Mas se considerarmos o conjunto de todos os textos (de todas as imagens)
que o leitor pode divulgar automaticamente interagindo com um computador
a partir de uma matriz digital, penetramos num novo universo de criação
e de leitura dos signos. (Lévy, 1996:40-1)
Neste sentido, o casamento
entre fotografia digital e internet sugere outros sentidos que vêm
justamente desta profusão de imagens que caracterizam os ambientes
on line. O computador deixa de ser apenas uma máquina para processar
as imagens e cria usos como do fotoblog , que só ganham sentido
a partir do entendimento que se tem desse novo tipo de imagem. Ao contrário
da fotografia tradicional onde cada imagem ganha uma aura de definitiva
, no sistema digital esta aura pode estar presente em qualquer uma das
cópias
, mas talvez não aconteça assim. Uma possibilidade de entender
o tecnofetiche associado à fotografia – manipulação,
perda da fidelidade – é justamente esta falta de negativo, de aura,
ou essa constante tensão em significar (Lévy,
1996:40), sendo ainda, como toda imagem fotográfica, uma mensagem
sem código (Barthes, 1962:327).
A
desmaterialização da fotografia permite a sua desterritorialização,
o que por sua vez vai aprofundar essa busca contínua de sentido.
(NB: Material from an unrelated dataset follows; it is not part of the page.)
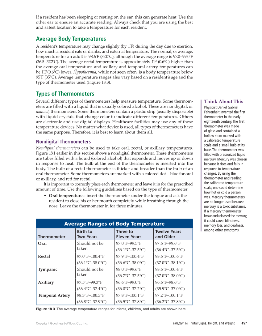 Copyright Goodheart-Willcox Co., Inc. Chapter 18 Vital Signs, Height, and Weight 457 If a resident has been sleeping or resting on the ear, this can generate heat. Use the other ear to ensure an accurate reading. Always check that you are using the best and safest location to take a temperature for each resident. Average Body Temperatures A resident’s temperature may change slightly (by 1°F) during the day due to exertion, how much a resident eats or drinks, and external temperature. The normal, or average, temperature for an adult is 98.6°F (37.0°C), although the average range is 97.0–99.0°F (36.5–37.2°C). The average rectal temperature is approximately 1°F (0.6°C) higher than the average oral temperature, and axillary and temporal artery temperatures can be 1°F (0.6°C) lower. Hypothermia, while not seen often, is a body temperature below 95°F (35°C). Average temperature ranges also vary based on a resident’s age and the type of thermometer used (Figure 18.3). Types of Thermometers Several different types of thermometers help measure temperature. Some thermom- eters are filled with a liquid that is usually colored alcohol. These are nondigital, or manual, thermometers. Some thermometers contain a plastic strip (usually disposable) with liquid crystals that change color to indicate different temperatures. Others are electronic and use digital displays. Healthcare facilities may use any of these temperature devices. No matter what device is used, all types of thermometers have the same purpose. Therefore, it is best to learn about them all. Nondigital Thermometers Nondigital thermometers can be used to take oral, rectal, or axillary temperatures. Figure 18.1 earlier in this section shows a nondigital thermometer. These thermometers are tubes filled with a liquid (colored alcohol) that expands and moves up or down in response to heat. The bulb at the end of the thermometer is inserted into the body. The bulb of a rectal thermometer is thicker and broader than the bulb of an oral thermometer. Some thermometers are marked with a colored dot—blue for oral or axillary, and red for rectal. It is important to correctly place each thermometer and leave it in for the prescribed amount of time. Use the following guidelines based on the type of thermometer: • Oral temperatures: insert the thermometer under the tongue and ask the resident to close his or her mouth completely while breathing through the nose. Leave the thermometer in for three minutes. Think About This Physicist Daniel Gabriel Fahrenheit invented the first thermometer in the early eighteenth century. The first thermometer was made of glass and contained a hollow stem marked with a calibrated temperature scale and a small bulb at its base. The thermometer was filled with pressurized liquid mercury. Mercury was chosen because it rises and falls in response to temperature changes. By using the thermometer and reading the calibrated temperature scale, one could determine how hot or cold a person was. Mercury thermometers are no longer used because mercury is a toxic substance. If a mercury thermometer broke and released the mercury, it could cause blindness, memory loss, and deafness, among other symptoms. Average Ranges of Body Temperature Thermometer Birth to Two Years Three to Eleven Years Twelve Years and Older Oral Should not be taken 97.0°F–99.5°F (36.1°C–37.5°C) 97.6°F–99.6°F (36.4°C–37.5°C) Rectal 97.0°F–100.4°F (36.1°C–38.0°C) 97.9°F–100.4°F (36.6°C–38.0°C) 98.6°F–100.6°F (37.0°C–38.1°C) Tympanic Should not be taken 98.0°F–99.6°F (36.7°C–37.5°C) 98.6°F–100.4°F (37.0°C–38.0°C) Axillary 97.5°F–99.3°F (36.4°C–37.4°C) 96.6°F–99.0°F (36.0°C–37.2°C) 96.6°F–98.6°F (35.9°C–37.0°C) Temporal Artery 98.3°F–100.3°F (36.8°C–37.9°C) 97.8°F–100.1°F (36.5°C–37.8°C) 97.2°F–100.1°F (36.2°C–37.8°C) Figure 18.3 The average temperature ranges for infants, children, and adults are shown here.

Se, em seus formatos tradicionais no papel, foto e texto já estão
“realizados por completo”, a tela vai oferecer novas formas de leitura
e atualização de um mesmo material. “A tela informática
é uma nova ‘máquina de ler’ , o lugar onde uma reserva
de informação possível vem se realizar por seleção,
aqui e agora, para um leitor particular. Toda leitura em computador é
uma edição, uma montagem singular” (Lévy,
1996:41).
Neste
sentido, é preciso considerar a interatividade, talvez a principal
característica da comunicação on-line, que como já
dissemos anteriormente, faz da internet um meio de comunicação
descentralizado e horizontal. Quando Lévy fala em nova leitura a
partir dos computadores, é preciso considerar este processo de leitura
como ativa, o que faz do internauta um usuário e não mais
o espectador passivo dos sistemas de comunicação lineares
e verticais. Se nestes últimos as mensagens continuam a ser enviadas,
mesmo com a desatenção do espectador, nos ambientes digitais,
tudo acontece de acordo com as escolhas do usuário – que pode criar
sua própria grade de programação. Mesmo que essas
opções não sejam infinitas – e muitas vezes parecem
ser – o que se tem é uma nova forma de atenção, concentração
e motivação e principalmente decisões prévias
por parte do usuário (Lister, 1997:35).
Outra forma de interatividade
é o próprio contato que um internauta pode ter com este material,
copiando-o e armazenando-o na memória de seu PC ou repassando para
sua lista de contatos via e.mail. No caso do fotoblog, essa possibilidade
vai contrastar com os nossos tradicionais álbuns de fotografias:
qualquer foto apreciada num fotoblog pode ser copiada e armazenada pelo
visitante, mantendo-se como se fosse um original, sem a necessidade de
um negativo ou mesmo de ter de pagar por isso. Essa questão financeira,
parece ser especial na comparação entre fotografia digital
e analógica.
Apesar
de ter um limite de memória e depender basicamente da eletricidade,
a câmera digital torna-se um eletrodoméstico em sentido mais
estrito, como a televisão aberta, onde a programação
é recebida como gratuita. Enquanto na analógica implicam-se
gastos em todo o processo (da compra do filme à revelação),
no sistema digital basta ter um computador para descarregar as imagens
e uma fonte de energia para recarregar a bateria, o que faz com que se
perca de vista o custo de cada imagem realizada. Libertada da limitação
financeira – uma vez que nos sistemas analógicos os preços
praticados não são tão acessíveis assim –,
a fotografia digital atinge um nível de profusão e efemeridade
que só se compara ao da própria palavra falada.
O novo movimento recupera
para a fotografia uma capacidade que sempre foi sua, contar histórias.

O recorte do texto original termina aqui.